Word Clouds in Tableau

The weird thing about Tableau 9 (or 10) is that it will let you make word clouds of phrases, but not of words (please contact me if you’ve found a better way).

At work we were allowed to use a (very crippled by IT;  you had to manually download Eggs and Wheel files) Python distribution called Enthought Canopy.  I somehow managed to get the Natural Language Toolkit installed with the corpuses (that’s a story for another day).  In Tableau I exported a crosstab CSV with all of the Record IDs in one column and all the phrases in question in the next column.

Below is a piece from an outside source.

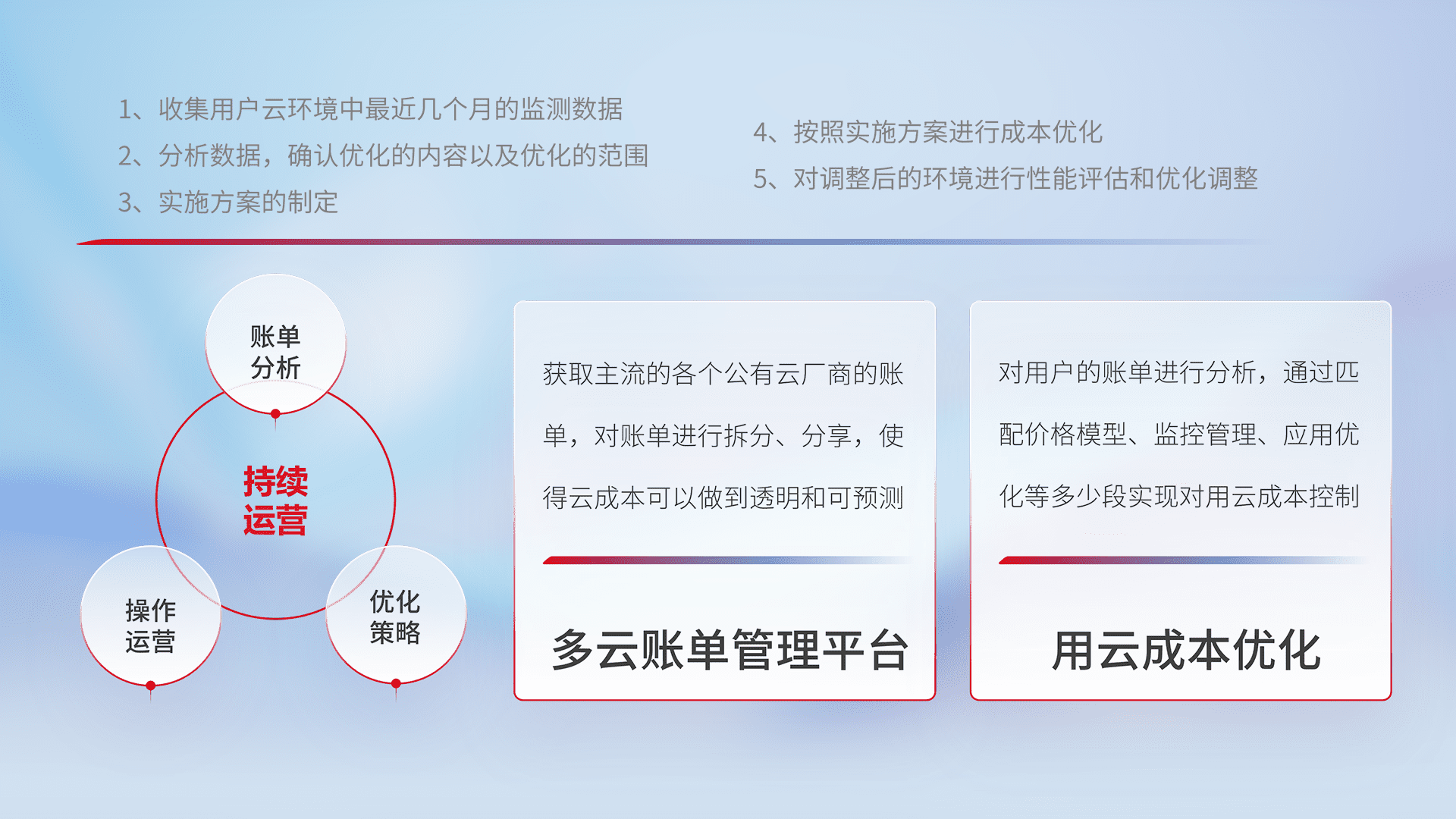 通过多云纳管,,,,以统一的资源数据模型把客户的云资源进行抽象和封装,,进而实现对多云资源的统一操作,,,保障云资源管理的可靠性、、、、稳定性与可用性。。。。量身定制化运维内容,,,,配置、、、开发运维、、、、补丁管理、、、备份、、、监控、、、、认证和访问管理、、审计和日常巡检等,,,保障在用云过程中的可靠度,,,稳定度以及高可用率。。

I then ran this script that I wrote:

import nltk
import csv
from nltk.corpus import stopwords

#set utf8 as default
import sys  

from string import punctuation
def strip_punctuation(s):
    return ''.join(c for c in s if c not in punctuation)

#list of words we don't care about (ie. is, a, the, of, etc.)
#if you don't specify what language, it does it for any language (assuming you have those files installed)
fillerWords = stopwords.words("english")

#open files
r=open('input.csv', 'r')
w=open('output.csv', 'wb')

reader = csv.reader(r, dialect='excel')
writer = csv.writer(w, delimiter=',', dialect='excel-tab')

#skip the header in input, but create header in output
writer.writerow( ("Record ID", "Verbs" , "Nouns") )

#for each line in input file...
for line in reader:
    print line[0]
    incident_num = line[0]	
    sentence = strip_punctuation(line[1].decode('ascii', 'replace'))  #decode to ascii to get past stupid utf8 errors, then strip punctuation away

    #strip out filler words
    stripped_sentence = ' '.join([word for word in sentence.split() if word not in fillerWords])

   #tokenize the sentence and get tags
    tokens = nltk.word_tokenize(stripped_sentence)
    text = nltk.Text(tokens)
    tags = nltk.pos_tag(text)

   #regex for nouns and verbs
    noun_pattern = "NP: {<DT>?<JJ>*<NN>}"
    verb_pattern = "V: {<V.*>}"

  #build ntlk tree for nouns
    NPChunker = nltk.RegexpParser(noun_pattern)
    noun_result = NPChunker.parse(tags)

  #build ntlk tree for verbs
    VerbChunker = nltk.RegexpParser(verb_pattern)
    verb_result = VerbChunker.parse(tags)

  #noun init
    nouns = []

  #traverse tree looking for noun labels, append to noun array
    for subtree in noun_result.subtrees(filter=lambda t: t.label() == "NP"):
      nouns.append(" ".join([a for (a,b) in subtree.leaves()]))
  #verb init
    verbs = []

  #traverse tree looking for verb labels, appent to verb array
    for subtree in verb_result.subtrees(filter=lambda t: t.label()=="V"):
      verbs.append(" ".join([a for (a,b) in subtree.leaves()]))

    #actually write the row to output file
    writer.writerow( (line[0] , " | ".join(verbs) ,  " | ".join(nouns)) )

#close the files

It spit out a CSV file that I then re-imported into Tableau and it had separated verbs and nouns in 2 other columns.  From there it was easy to build the word clouds below.

The zip file I’m sharing has example input and output files, as well as this script.   Enjoy!